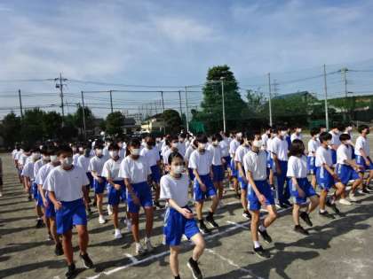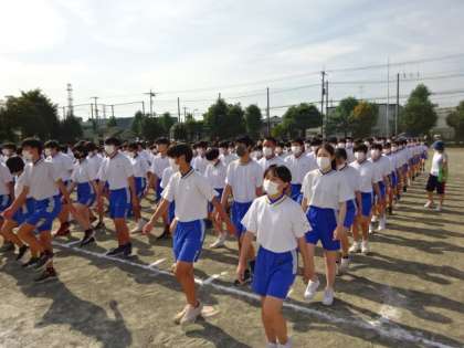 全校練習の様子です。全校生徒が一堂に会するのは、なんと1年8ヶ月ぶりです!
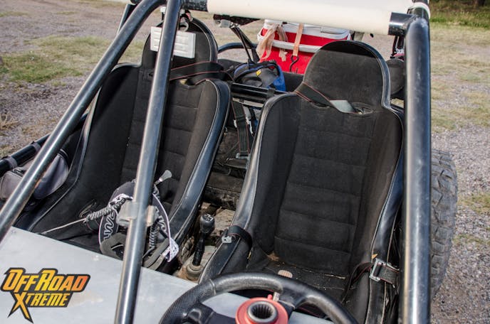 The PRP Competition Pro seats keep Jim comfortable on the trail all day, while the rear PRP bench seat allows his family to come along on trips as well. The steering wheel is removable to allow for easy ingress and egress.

*****

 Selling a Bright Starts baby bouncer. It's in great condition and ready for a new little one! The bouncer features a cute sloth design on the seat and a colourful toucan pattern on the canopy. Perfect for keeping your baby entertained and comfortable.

*****

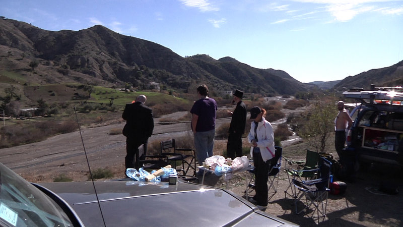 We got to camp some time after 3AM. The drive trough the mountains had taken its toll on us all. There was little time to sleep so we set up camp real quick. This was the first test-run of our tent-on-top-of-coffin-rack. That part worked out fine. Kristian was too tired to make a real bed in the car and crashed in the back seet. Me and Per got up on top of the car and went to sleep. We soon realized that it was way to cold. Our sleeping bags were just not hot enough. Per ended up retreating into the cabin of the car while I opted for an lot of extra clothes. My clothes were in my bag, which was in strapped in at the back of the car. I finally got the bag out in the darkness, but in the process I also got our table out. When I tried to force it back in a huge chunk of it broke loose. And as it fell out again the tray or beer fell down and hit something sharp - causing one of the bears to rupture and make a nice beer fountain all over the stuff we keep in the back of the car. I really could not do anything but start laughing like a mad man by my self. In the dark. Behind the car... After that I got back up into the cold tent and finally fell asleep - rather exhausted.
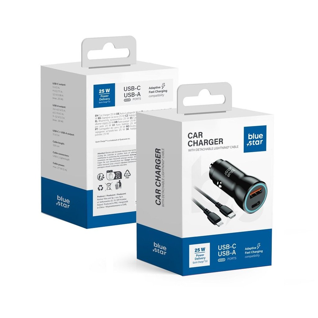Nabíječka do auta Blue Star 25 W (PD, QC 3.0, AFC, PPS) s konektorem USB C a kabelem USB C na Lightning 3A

*****

▸ What is expected
Print exactly the lines above that run from the one with "全校練習の様子です。全校生徒が一堂に会するのは、なんと1年8ヶ月ぶりです!" to the one with "The PRP Competition", both included. No pictures.

▸ Task output
 全校練習の様子です。全校生徒が一堂に会するのは、なんと1年8ヶ月ぶりです!
 The PRP Competition Pro seats keep Jim comfortable on the trail all day, while the rear PRP bench seat allows his family to come along on trips as well. The steering wheel is removable to allow for easy ingress and egress.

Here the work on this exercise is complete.